Crafting Mouth-Watering Greek-Style Stuffed Tomatoes
Today, I had the most amazing stuffed tomatoes, eggplants, and peppers filled with rice, herbs, and local Greek cheese. These were prepared by Katy, my sister’s Greek mother-in-law, whom we affectionately call Yia Yia, which means granny in Greek. I’d love to share the recipe with you, but it’s a bit of a story, so here it goes.
First, you need to understand that Greeks have a deep connection to their land. On the island of Zakynthos, where we stay, everyone has a field or a vegetable patch, or at least someone in their extended family does. Greeks are very particular about the origin of their food. While tourists might get imported produce, locals save the best for themselves, which usually means what they or their family have grown, caught, or raised.
To make perfect stuffed tomatoes, start by picking the ripest red tomatoes from your vegetable patch, which have been sun-baked and lovingly watered all summer. Also, pick some shiny purple eggplants and green peppers from the garden.
Next, head to your shed and grab a few onions that you grew over the winter, harvested in the spring, and left to dry in bunches. Cut the tops off all the vegetables and scoop out the flesh of the eggplants and tomatoes, chopping it into small pieces. Sauté this mixture in your own olive oil with chopped onions, mint, oregano from your garden, and some seasoning. Add dry rice and cook gently until the rice swells, adding a bit of extra water if needed.

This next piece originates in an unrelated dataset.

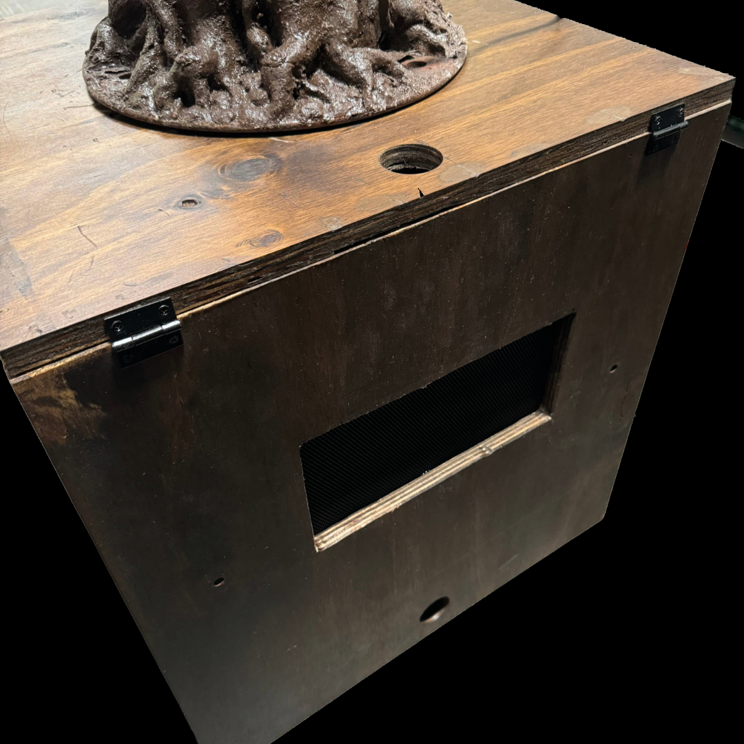 Optional Wooden Stand that is 2′ x 2′ with ventilation for wireless battery is available.

Now, incorporate some pieces of local cheese, which you bought from a farmer in the spring and matured yourself in olive oil in a barrel lined with beach stones to keep the cheese from sitting in residue. If you can’t get such local cheese, feta will do.
Stuff your vegetables with the rice, vegetable, and herb mixture, and add some peeled potatoes from your vegetable patch. Drizzle olive oil generously over the vegetables, using oil from your own olive trees, which you pressed in the autumn by shaking the trees over nets and taking the olives to the local co-op for pressing.
Bake the stuffed vegetables in a moderate oven for 45-60 minutes until they are soft, tender, and delicious.
Enjoy this meal for a late lunch on the veranda in the shade, finishing with some chunks of watermelon from your patch. Follow it up with a siesta for a couple of hours.
Eating at home in Greece truly redefines the concept of eating local produce.